In a repeated motif, Hsin-chin picks up a pair of scissors but can use them only in passive aggressive bouts of counter-productive revenge such as shredding Shih-chen’s suits, chopping the heads off roses to express her frustration, and cutting Ah Fee’s hair so she can’t go back to school after finding out that she had a boyfriend. Even once Ah Fei is a grown woman with a good job in advertising that is actively supporting the family, she struggles to separate herself from her mother who continues to frustrate her love and discourage her from marrying. Some of this is her own bitterness, and some honest advice that Ah Fei’s choice of husband is the most important decision she’ll ever make. Marry a good man and she’ll have a good life. Marry badly and she’ll end up like Hsin-chin knowing nothing but suffering. 
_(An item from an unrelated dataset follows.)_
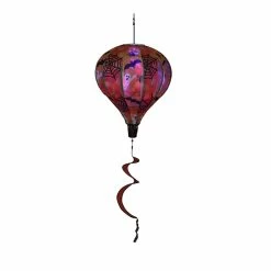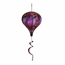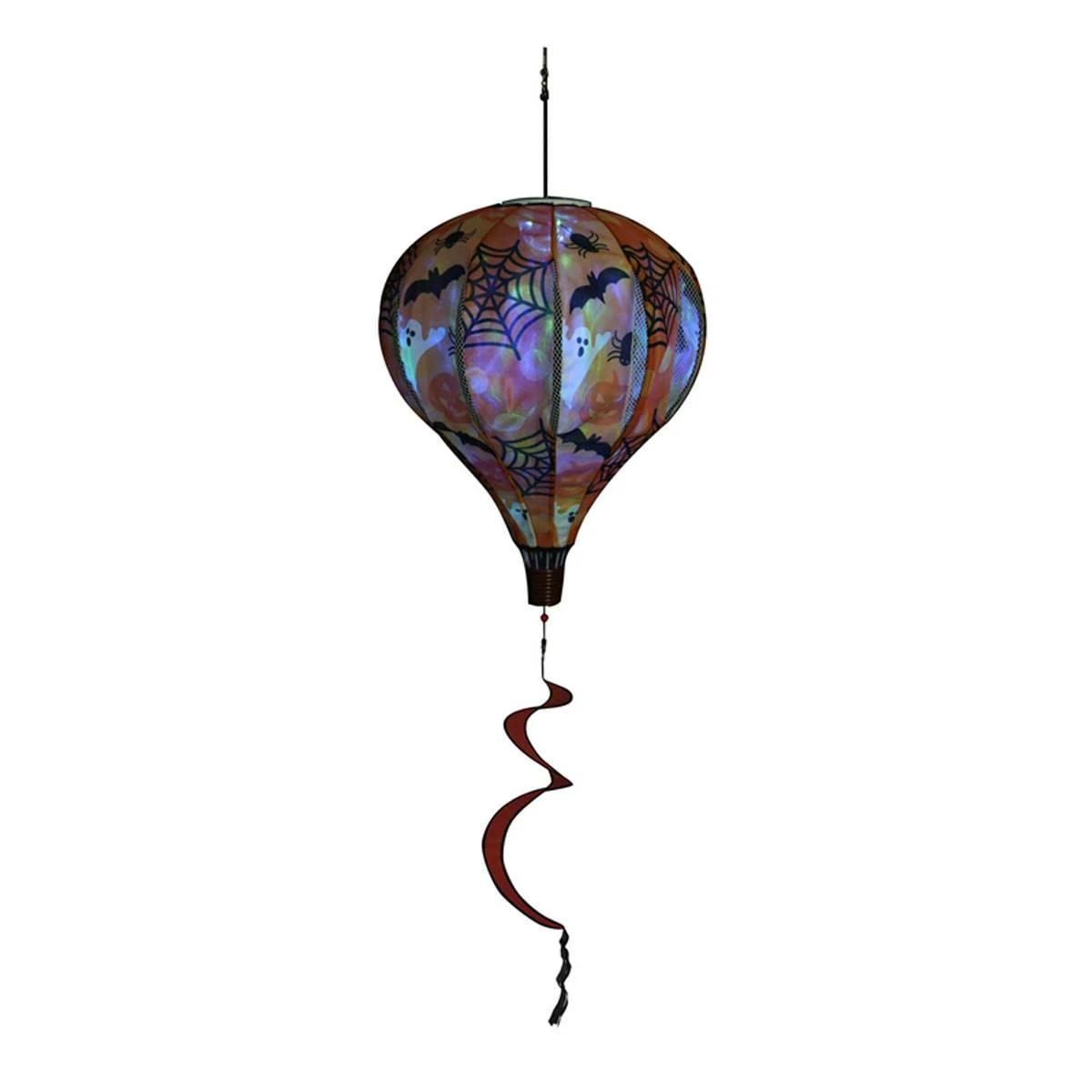 Mesmerize trick-or-treaters from near and far with this Evergreen Halloween Print Solar Balloon Spinner. This decorative accent comes to life in more ways than one as it twirls at the touch of a breeze and then begins to glow as day turns to night. The design features spooky details, including bats, spiders, and ghosts in classic Halloween colors. The spinner takes on the unique form of a hot air balloon, making it the perfect eye-catching decorative accent. Designed to easily hang in your garden or on your patio or porch. At dusk, watch as the design turns on and changes colors! Allow the spinner to get at least 6 hours of direct sunlight for a full charge. The perfect decorative accent to get you and your family in the spooky spirit for Halloween.

Of course, the crucial element is that Ah Fei has a choice that Hsin-chin never did. But at the same time she struggles to take it or to reject the internalised misogyny that ruled her mother’s life along with the patriarchal social codes that left her unable to leave a bad husband. She is well educated and financially independent so cannot be trapped in the same way her mother was even if her “escape” is ironically bound up with the patriarchal institution of marriage. Only on seeing her in a wedding dress does Hsin-chin finally accept her, reverting to the kind mother she had been in the countryside rather than the embittered old woman she had become in Taipei who is too afraid of her impending loneliness and the spectre of poverty to set her daughter free. Ah Fei’s liberation may speak of that of her generation, travelling from the countryside to a Taipei slum and finally a well-appointed flat in the centre of a rapidly developing city in the twilight of an authoritarian regime, but equally of the interconnected cycles of toxic masculinity, patriarchal entitlement, male failure, and internalised misogyny all seemingly dissolved in a single moment of forgiveness and acceptance.


Ah Fei screened as part of the BFI’s Myriad Voices: Reframing Taiwan New Cinema.